After giving Rolling Stone a glimpse of what it takes to be the "Michael Jackson Protestor," Baltimore's Dimitri Reeves shows off his moves and optimism with a performance of Michael Jackson's cover of the Beatles' classic "Come Together." Atop the yellow semi-truck that transports Reeves and his manager Vaughan Mason around the city, the singer and dancer does his best imitation of the King of Pop's iconic performance ticks before jumping into the growing crowd of onlookers.

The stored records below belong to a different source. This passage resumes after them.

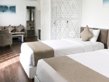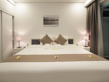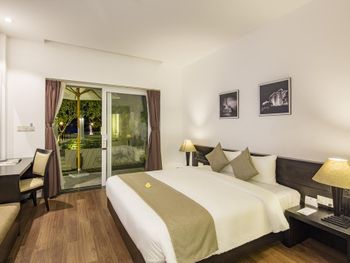 По приезду предложили апартаменты на территории отеля. Две комнаты с полноценными кроватями, сейф, телевизоры в каждой комнате и гостиной, большой холодильник, диван, стол стулья, балкон с шикарным видом. Нам втроём (ребёнку 7 лет) было удивительно удобно!!! Уборка ежедневная - смена белья, полотенец, моют полы. Вода кофе пополняют ежедневно. На территории два чистых бассейна (одни возле апартаментов, другой самого отеля). Электромобили возят по всему острову, по определённому времени увозят на пляж и в центр. Не успели на мобиль, такси в 70-80 т и вы в центре. Кушали в морском ресторане (дешевле, чем Кубера). Каждый вечер проходят свадьбы - очень приятно смотреть на такие добрые церемонии. В 21 час гости уже разъезжаются. Мы почти не замечали шума и какого то дискомфорта. Если хотите жить более уединенно - выбирайте апартаменты. Персонал очень отзывчив. Гугл переводчик очень помогает в общении. Ходили на спа с дочкой при отеле. Сказочно. Бунгало на берегу реки, профессиональные девушки подарили настоящий Релакс. Вай Фай работает отменно, удаленно выходила на работу без проблем, ребёнок смотрела ютюб, мы вечером смотрели кино (среднее качество ставили).
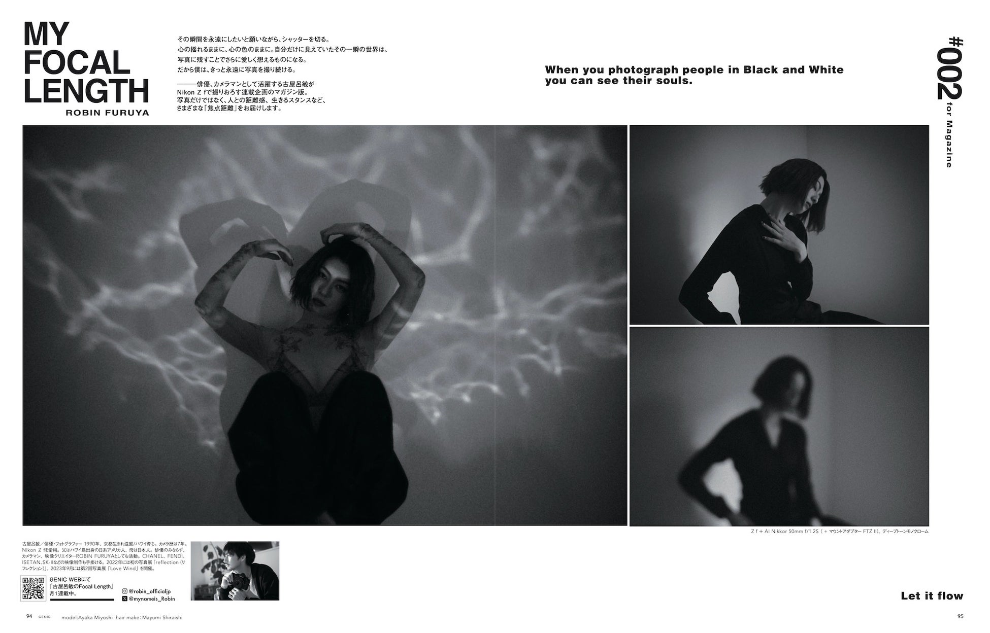 俳優、カメラマンとして活躍する古屋呂敏が、人との距離感、生きるスタンスなど、さまざまな「焦点距離」をテーマに「Nikon Z f」で撮りおろす連載。第2回はモデルとして三吉彩花が登場。
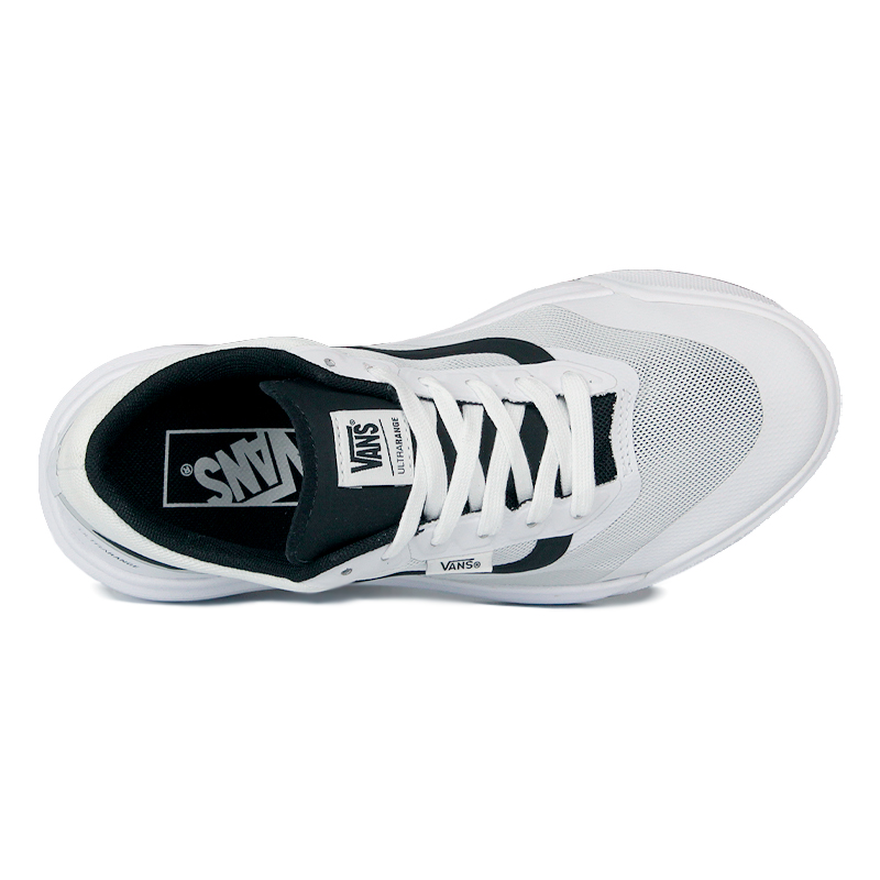 Desenvolvido inicialmente para atender as necessidades dos atletas de surf da Vans, o MTE Ultrarange 2.0 RW White/Black representa a nova geração de um dos modelos mais versáteis da marca. Nesta versão, ele mantém o visual clean em branco com detalhes em preto e ganha um design atualizado, com solado reformulado, suporte aprimorado e ajuste mais espaçoso, pensado para quem está sempre em movimento. O cabedal de mesh respirável com têxteis reciclados traz leveza e ventilação, enquanto as sobreposições com tecnologia Rapidweld reforçam as áreas de maior atrito sem adicionar peso extra. A biqueira emborrachada moldada aumenta a durabilidade na região frontal, e a trava no calcanhar ajuda a manter o pé firme dentro do tênis, contribuindo para uma sensação estável durante o uso. Na base, a entressola UltraCush™ Lite oferece amortecimento macio com sensação leve e responsiva a cada passada. Já o solado de borracha com padrão reverse waffle garante tração flexível em diferentes tipos de piso, entregando segurança tanto no dia a dia quanto em atividades leves ao ar livre. O resultado é um tênis de cano baixo leve, estruturado e pronto para acompanhar rotinas longas com conforto consistente.
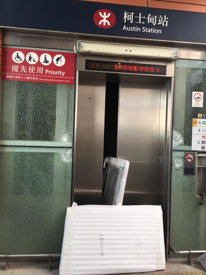 #LIVE: Protesters have built barricades near Austin Station. They have also vandalised a lift inside http://sc.mp/n2lno pic.twitter.com/GGIEjDXBFJ
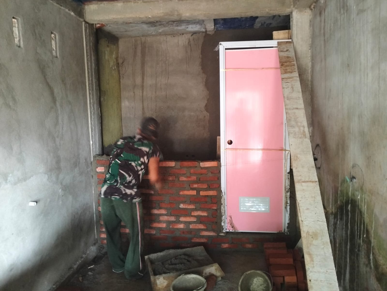 “Kita sudah mulai pemasangan pintu MCK dan saya yakin tidak sampai memakan waktu lama pemasangan ini cepat selesai, karena anggota satgas dan warga saling bantu. Mereka dibagi-bagi dalam tugasnya,” kata Sertu Ridwan.
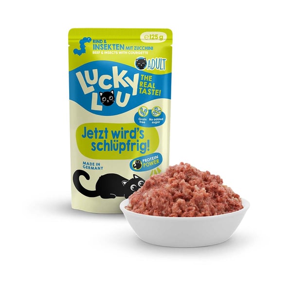 Ihr seht also: Mein Futter gibt es speziell auf unsere verschiedenen Lebensabschnitte und individuellen Bedürfnisse abgestimmt. Langweiligen Einheitsfraß gibt’s woanders – Lucky Lou Lifestage ist in 18 verschiedenen Sorten erhältlich. Damit du deinen Katzen immer frisches Futter servieren kannst, gibt es Lucky Lou Lifestage in Pouchbeuteln mit 125 g Inhalt sowie in Dosen zu 200 g und 400 g. Und Multipacks gibt’s natürlich auch!

As the city he loves is being torn apart by the controversy and tragedy surrounding Freddie Gray's death due to a mysterious spinal injury while in police custody, Reeves has gained national attention this week for performing classics like "Man in the Mirror" and "Beat It" in front of riot police. He's become known as the "Michael Jackson Protestor," trying to lighten Baltimore's darkness.
"We try to show positivity," Reeves told Rolling Stone. "We actually go to the hood areas and try to show love and support for those who are less fortunate and those who just need their minds taken off the negativity."
The Beatles originally released "Come Together" on their 1969 album Abbey Road. Following Jackson's mid-Eighties purchase of the publishing rights to the Beatles' catalog, the King of Pop recorded and performed his cover several times throughout his career, including a live version that appears in the film Michael Jackson: Moonwalker. A studio version appeared on the album HIStory, which blended a greatest hits compilation with original material.